Data extracted from a collection
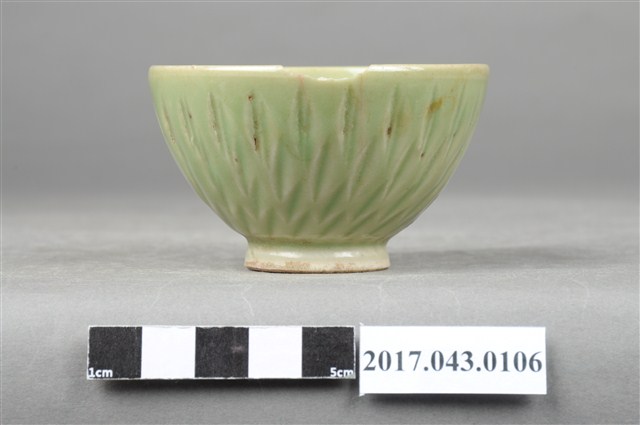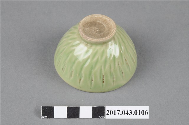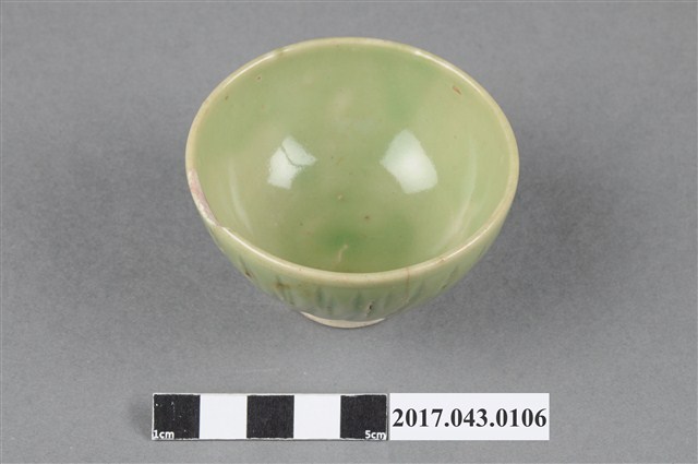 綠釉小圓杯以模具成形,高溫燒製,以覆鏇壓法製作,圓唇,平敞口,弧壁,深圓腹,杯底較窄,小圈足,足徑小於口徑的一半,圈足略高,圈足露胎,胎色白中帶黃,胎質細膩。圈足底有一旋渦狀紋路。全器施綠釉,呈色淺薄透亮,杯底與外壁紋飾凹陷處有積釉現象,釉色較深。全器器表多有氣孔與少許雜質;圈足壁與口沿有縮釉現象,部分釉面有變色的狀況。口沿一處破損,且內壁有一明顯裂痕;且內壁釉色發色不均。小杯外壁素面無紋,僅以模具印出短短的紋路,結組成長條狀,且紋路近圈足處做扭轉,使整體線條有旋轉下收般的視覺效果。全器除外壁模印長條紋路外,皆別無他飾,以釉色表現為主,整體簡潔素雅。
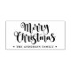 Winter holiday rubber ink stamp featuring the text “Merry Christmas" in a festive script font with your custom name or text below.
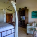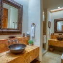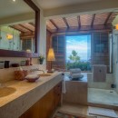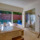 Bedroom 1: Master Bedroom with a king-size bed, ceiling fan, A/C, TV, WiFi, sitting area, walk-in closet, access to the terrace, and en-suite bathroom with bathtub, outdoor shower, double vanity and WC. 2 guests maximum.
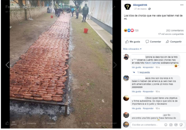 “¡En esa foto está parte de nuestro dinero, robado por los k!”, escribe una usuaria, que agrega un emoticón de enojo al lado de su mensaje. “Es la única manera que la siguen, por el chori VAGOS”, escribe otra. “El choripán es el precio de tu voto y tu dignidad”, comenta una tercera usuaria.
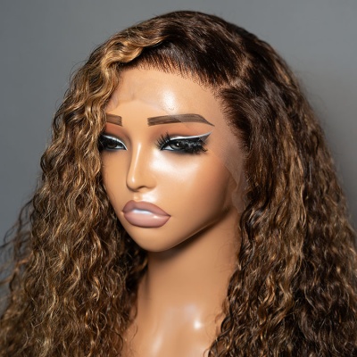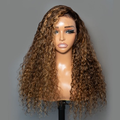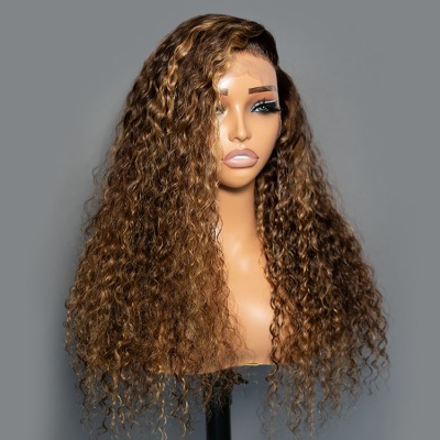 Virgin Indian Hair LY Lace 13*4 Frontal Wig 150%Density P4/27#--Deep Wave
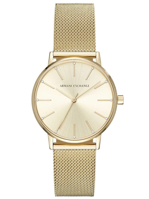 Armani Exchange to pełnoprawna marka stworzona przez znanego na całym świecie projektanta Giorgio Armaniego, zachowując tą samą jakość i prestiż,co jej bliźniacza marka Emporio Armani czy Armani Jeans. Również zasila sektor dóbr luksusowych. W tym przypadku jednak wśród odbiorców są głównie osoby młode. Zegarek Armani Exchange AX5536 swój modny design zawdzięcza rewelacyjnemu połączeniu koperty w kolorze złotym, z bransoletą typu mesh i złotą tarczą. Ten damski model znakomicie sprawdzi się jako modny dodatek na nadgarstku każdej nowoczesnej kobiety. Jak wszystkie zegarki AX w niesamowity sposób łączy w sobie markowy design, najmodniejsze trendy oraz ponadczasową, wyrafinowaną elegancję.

### Problem requirements
From the line containing "Winter holiday rubber" down to the last line of the entries above, retype each line exactly as it stands, but skip the pictures.

### Your response
 Winter holiday rubber ink stamp featuring the text “Merry Christmas" in a festive script font with your custom name or text below.
 Bedroom 1: Master Bedroom with a king-size bed, ceiling fan, A/C, TV, WiFi, sitting area, walk-in closet, access to the terrace, and en-suite bathroom with bathtub, outdoor shower, double vanity and WC. 2 guests maximum.
 “¡En esa foto está parte de nuestro dinero, robado por los k!”, escribe una usuaria, que agrega un emoticón de enojo al lado de su mensaje. “Es la única manera que la siguen, por el chori VAGOS”, escribe otra. “El choripán es el precio de tu voto y tu dignidad”, comenta una tercera usuaria.
 Virgin Indian Hair LY Lace 13*4 Frontal Wig 150%Density P4/27#--Deep Wave
 Armani Exchange to pełnoprawna marka stworzona przez znanego na całym świecie projektanta Giorgio Armaniego, zachowując tą samą jakość i prestiż,co jej bliźniacza marka Emporio Armani czy Armani Jeans. Również zasila sektor dóbr luksusowych. W tym przypadku jednak wśród odbiorców są głównie osoby młode. Zegarek Armani Exchange AX5536 swój modny design zawdzięcza rewelacyjnemu połączeniu koperty w kolorze złotym, z bransoletą typu mesh i złotą tarczą. Ten damski model znakomicie sprawdzi się jako modny dodatek na nadgarstku każdej nowoczesnej kobiety. Jak wszystkie zegarki AX w niesamowity sposób łączy w sobie markowy design, najmodniejsze trendy oraz ponadczasową, wyrafinowaną elegancję.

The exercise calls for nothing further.